Given information:
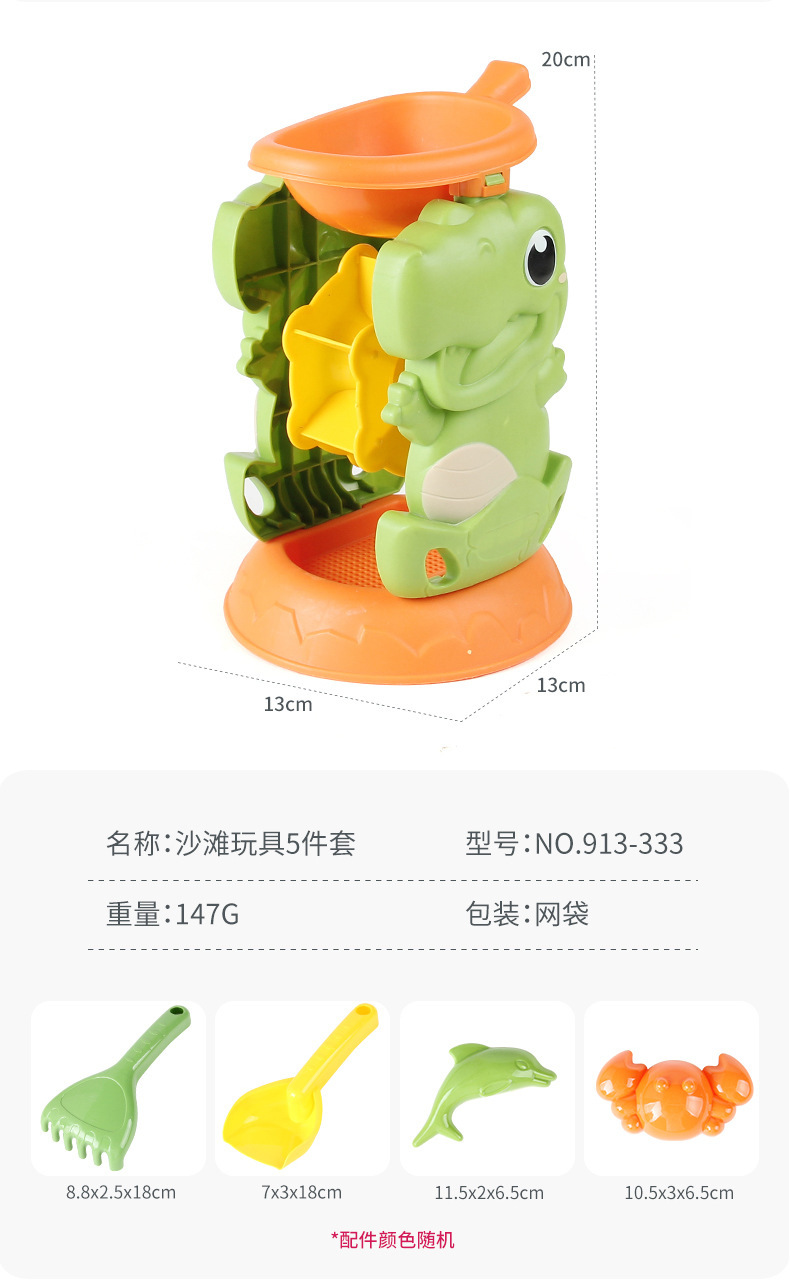 • 913-333 해변 공룡 모래 시계 장난감 5 피스 세트 147g
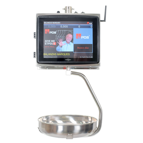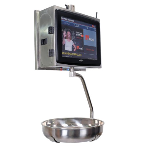 Balanza Colgante BM5 XS de Marques, construida en acero inoxidable, diseño compacto y confiable de alto rendimiento, conectividad Wi-Fi, interfaz moderna e intuitiva, 2 pantallas de alta resolución, pantalla táctil de 12” para el operador y de 10″ para el cliente (con gestión de publicidad), incluye software ETPos Light y plato redondo (opcional software ETPos Pro y plato italiano), fácil integración con aplicaciones de software mediante servidor web, permite interconectar hasta 99 balanzas en red, la cantidad de vendedores y productos es configurable de acuerdo a su necesidad, formatos de impresión programables para ticket y etiqueta, programación y configuración desde Balanza o PC, cuenta con puertos USB, Ethernet, etc. Capacidad máxima 15kg x 5g.
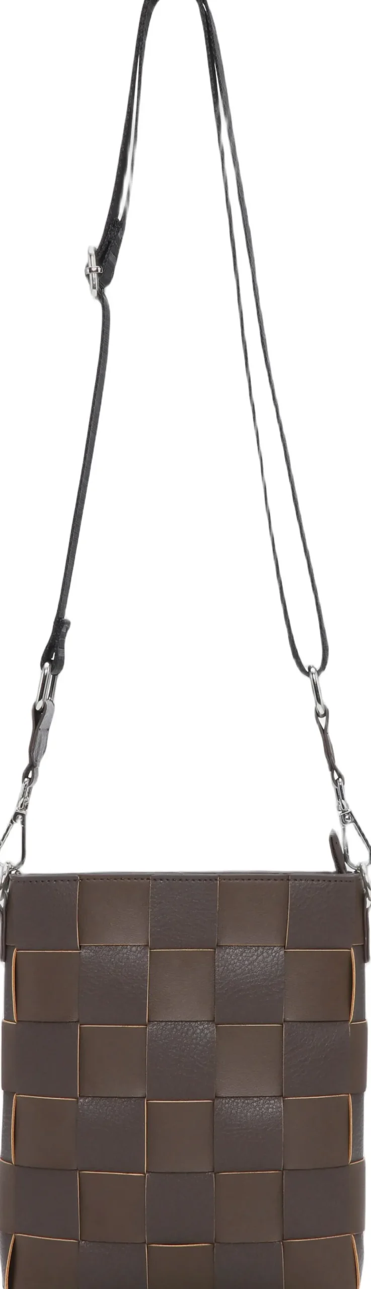 Lille crossbody-taske i rektangulært flettet kunstlæder. Tasken har
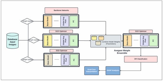 This study introduces a hybrid deep learning ensemble system designed for the automated diagnosis of different stages of DR. To capture prominent features from multiple retinal lesions depicted in fundus images, we pioneer the use of transfer learning. This novel approach involves amalgamating weights from various models into a unified model, thereby harnessing a diverse array of features and characteristics previously unexplored in this context. In a pioneering methodology unique to this study, a cloned model effectively harnesses averaged weights derived from the training phase. This innovative approach generates distinct features, which are subsequently channeled into a bespoke classifier tailored for evaluating the severity levels of DR. Additionally, we use SHapley Additive exPlanations (SHAP) analysis [19,20] approaches to examine the characteristics that contributed to the results of our prediction models. Each SHAP value defines how much each feature (the region of an image) contributes positively and negatively to the goal prediction in the context of image processing and general ML progress. In a pioneering approach, this study leverages the SHAP methodology, which calculates the local feature importance for each image within the dataset. Unlike existing feature-analysis methods that gauge the extent of features, SHAP assigns a significance value to each feature for a specific prediction. This innovative methodology aims to address the inconsistencies prevalent in current feature importance strategies, mitigating the potential misunderstandings arising from these inconsistencies [14] with synthetics [21]. Notably, the fundus images in this research underwent SHAP analysis, marking a novel utilization of this technique to identify areas manifesting DR’s presence or various stages, delineating the severity of the disease.

Exercise brief: Would you copy out every line of the data above exactly, minus the pictures?

Exercise solution:
 • 913-333 해변 공룡 모래 시계 장난감 5 피스 세트 147g
 Balanza Colgante BM5 XS de Marques, construida en acero inoxidable, diseño compacto y confiable de alto rendimiento, conectividad Wi-Fi, interfaz moderna e intuitiva, 2 pantallas de alta resolución, pantalla táctil de 12” para el operador y de 10″ para el cliente (con gestión de publicidad), incluye software ETPos Light y plato redondo (opcional software ETPos Pro y plato italiano), fácil integración con aplicaciones de software mediante servidor web, permite interconectar hasta 99 balanzas en red, la cantidad de vendedores y productos es configurable de acuerdo a su necesidad, formatos de impresión programables para ticket y etiqueta, programación y configuración desde Balanza o PC, cuenta con puertos USB, Ethernet, etc. Capacidad máxima 15kg x 5g.
 Lille crossbody-taske i rektangulært flettet kunstlæder. Tasken har
 This study introduces a hybrid deep learning ensemble system designed for the automated diagnosis of different stages of DR. To capture prominent features from multiple retinal lesions depicted in fundus images, we pioneer the use of transfer learning. This novel approach involves amalgamating weights from various models into a unified model, thereby harnessing a diverse array of features and characteristics previously unexplored in this context. In a pioneering methodology unique to this study, a cloned model effectively harnesses averaged weights derived from the training phase. This innovative approach generates distinct features, which are subsequently channeled into a bespoke classifier tailored for evaluating the severity levels of DR. Additionally, we use SHapley Additive exPlanations (SHAP) analysis [19,20] approaches to examine the characteristics that contributed to the results of our prediction models. Each SHAP value defines how much each feature (the region of an image) contributes positively and negatively to the goal prediction in the context of image processing and general ML progress. In a pioneering approach, this study leverages the SHAP methodology, which calculates the local feature importance for each image within the dataset. Unlike existing feature-analysis methods that gauge the extent of features, SHAP assigns a significance value to each feature for a specific prediction. This innovative methodology aims to address the inconsistencies prevalent in current feature importance strategies, mitigating the potential misunderstandings arising from these inconsistencies [14] with synthetics [21]. Notably, the fundus images in this research underwent SHAP analysis, marking a novel utilization of this technique to identify areas manifesting DR’s presence or various stages, delineating the severity of the disease.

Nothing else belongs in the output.